▶ DESCRIPTION OF THE TASK
Output a character-exact copy of the data, images removed.

▶ SUPPLIED DATA
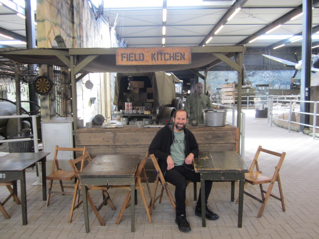 Moshe at the field Kitchen. Original tables and tools. The man behind the counter is not real, so no coffee was served. (Thankfully there was a place to have coffee nearby)
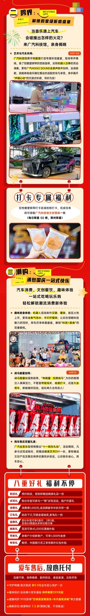 10月1日—8日下午,国风快闪、非遗咸水歌教唱、国风汉服电音秀、国潮青年唱跳秀、港风粤语电音秀、乐队国漫电音秀、民乐演出、醒狮及武术表演轮番上演,每日精彩不断档!
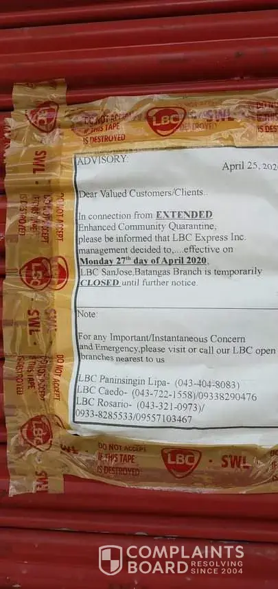 I tried to pick up my package here in LBC SAN JOSE BATANGAS but every time I go to LBC it was close I tried to contact the # posted on the roll up of the branch but nobody was answering my call. I already texted all # the # but no one replied on my text. Since we're experiencing pandemic I understand that your branch was closed, now that your branch is open and im getting my package why your staff telling me that my package was sent to manila and I will pay additional charges to sent back my package here in san jose batangas. why did they send it to manila? did youre company knew that before you we go out we need a quarantine pass?
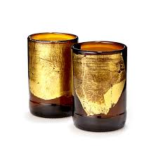 Look how beautiful these Tumbler glasses are. They are upcycled beer bottles with gold leaf…so cool!
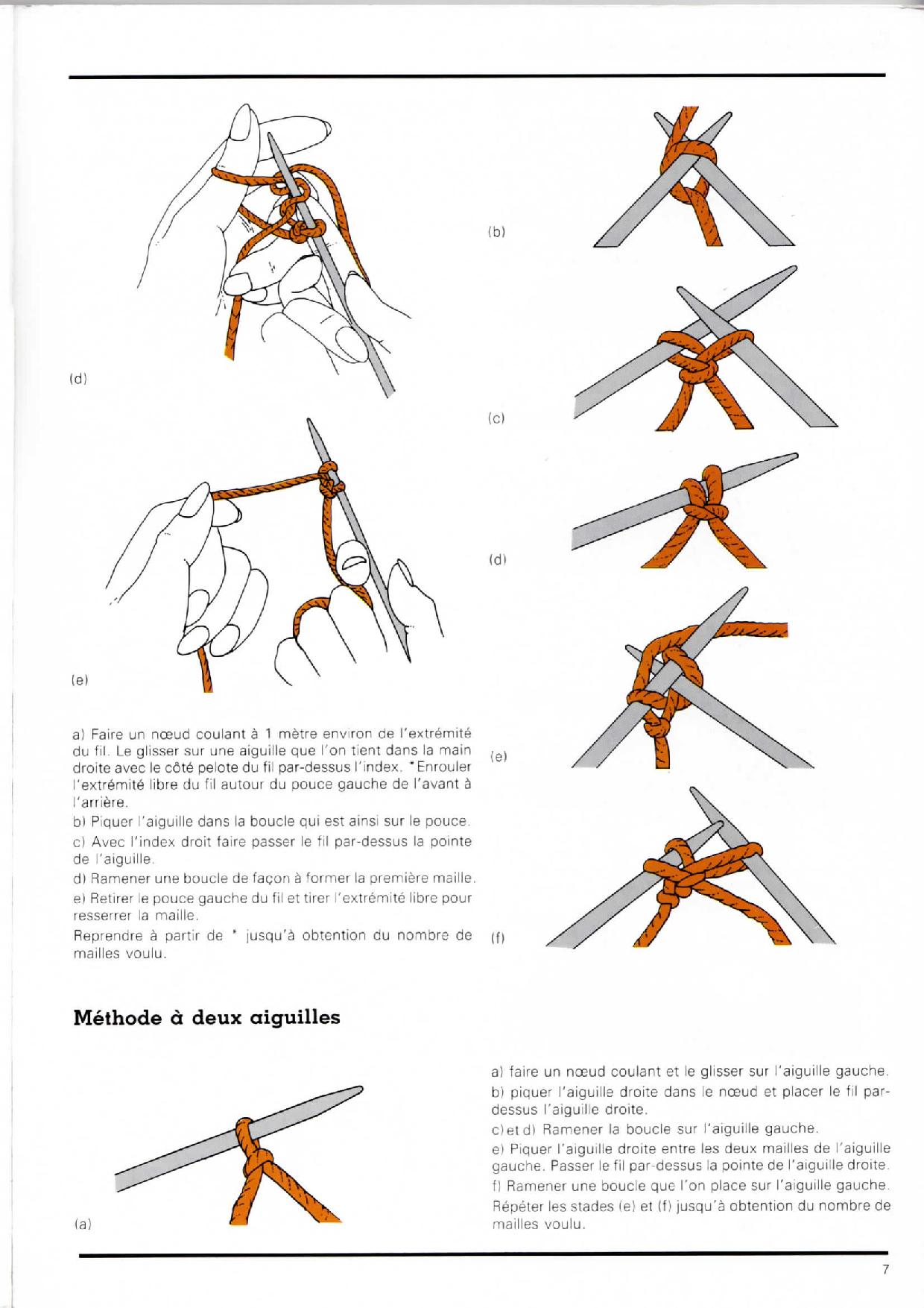 - Piquer dans cette boucle l’aiguille tenue dans la main droite: tendre le fil venant de la pelote sur l’index de la main droite, puis l’enrouler autour de l’aiguille droite en le passant par-dessous et au-dessus de celle-ci.

▶ SOLUTION FOR THIS TASK
 Moshe at the field Kitchen. Original tables and tools. The man behind the counter is not real, so no coffee was served. (Thankfully there was a place to have coffee nearby)
 10月1日—8日下午,国风快闪、非遗咸水歌教唱、国风汉服电音秀、国潮青年唱跳秀、港风粤语电音秀、乐队国漫电音秀、民乐演出、醒狮及武术表演轮番上演,每日精彩不断档!
 I tried to pick up my package here in LBC SAN JOSE BATANGAS but every time I go to LBC it was close I tried to contact the # posted on the roll up of the branch but nobody was answering my call. I already texted all # the # but no one replied on my text. Since we're experiencing pandemic I understand that your branch was closed, now that your branch is open and im getting my package why your staff telling me that my package was sent to manila and I will pay additional charges to sent back my package here in san jose batangas. why did they send it to manila? did youre company knew that before you we go out we need a quarantine pass?
 Look how beautiful these Tumbler glasses are. They are upcycled beer bottles with gold leaf…so cool!
 - Piquer dans cette boucle l’aiguille tenue dans la main droite: tendre le fil venant de la pelote sur l’index de la main droite, puis l’enrouler autour de l’aiguille droite en le passant par-dessous et au-dessus de celle-ci.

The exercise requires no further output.